# Exercise:
List each line of the data that holds the string "Brossolette".

# Exercise data:
◆ ◆ ◆

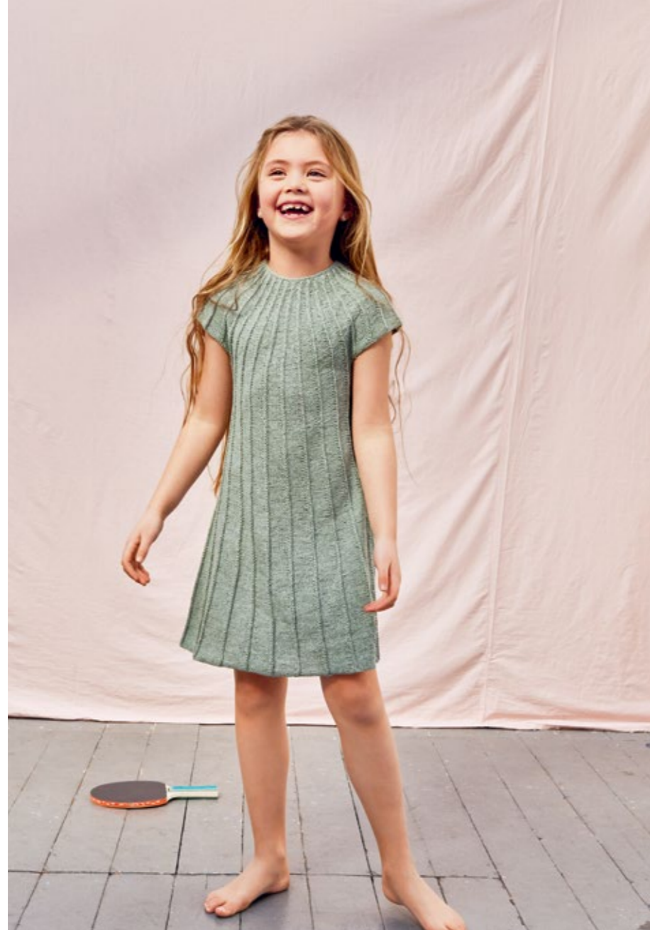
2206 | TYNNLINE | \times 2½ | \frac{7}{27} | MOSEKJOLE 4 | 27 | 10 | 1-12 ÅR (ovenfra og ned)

◆ ◆ ◆

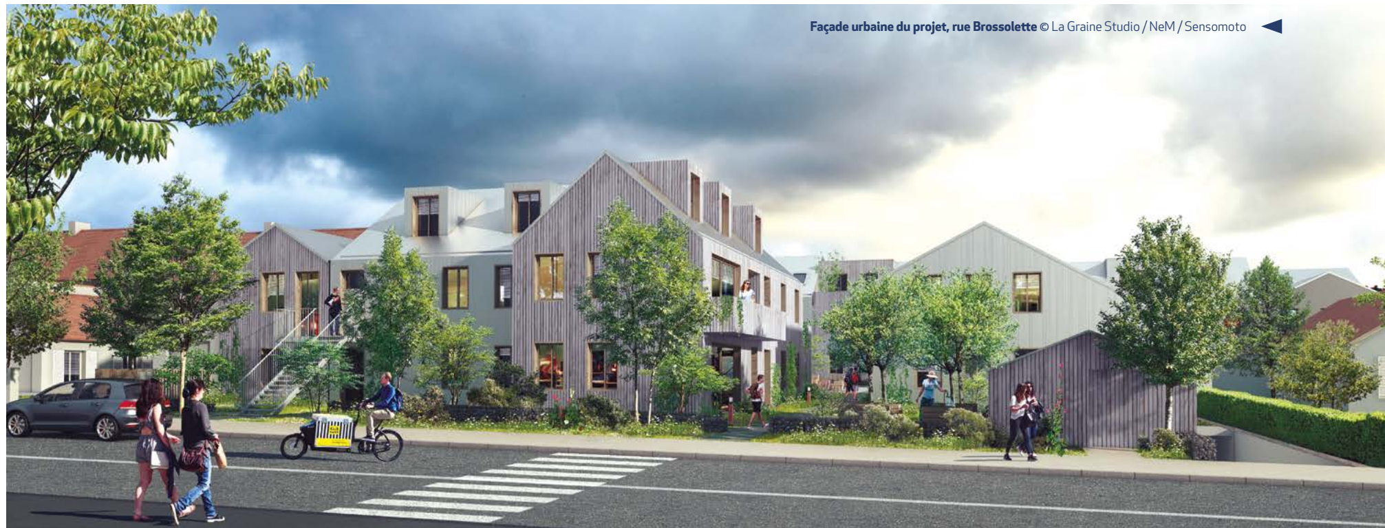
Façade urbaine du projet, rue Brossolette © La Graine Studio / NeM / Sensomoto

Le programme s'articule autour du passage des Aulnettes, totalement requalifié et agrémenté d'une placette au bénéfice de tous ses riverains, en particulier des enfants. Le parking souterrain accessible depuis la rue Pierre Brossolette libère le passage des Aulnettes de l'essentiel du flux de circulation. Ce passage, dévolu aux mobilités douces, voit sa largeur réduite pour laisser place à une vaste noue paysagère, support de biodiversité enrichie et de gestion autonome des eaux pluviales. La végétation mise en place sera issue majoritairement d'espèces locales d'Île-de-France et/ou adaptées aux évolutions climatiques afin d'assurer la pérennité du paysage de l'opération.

◆ ◆ ◆

# Exercise answer:
Façade urbaine du projet, rue Brossolette © La Graine Studio / NeM / Sensomoto
Le programme s'articule autour du passage des Aulnettes, totalement requalifié et agrémenté d'une placette au bénéfice de tous ses riverains, en particulier des enfants. Le parking souterrain accessible depuis la rue Pierre Brossolette libère le passage des Aulnettes de l'essentiel du flux de circulation. Ce passage, dévolu aux mobilités douces, voit sa largeur réduite pour laisser place à une vaste noue paysagère, support de biodiversité enrichie et de gestion autonome des eaux pluviales. La végétation mise en place sera issue majoritairement d'espèces locales d'Île-de-France et/ou adaptées aux évolutions climatiques afin d'assurer la pérennité du paysage de l'opération.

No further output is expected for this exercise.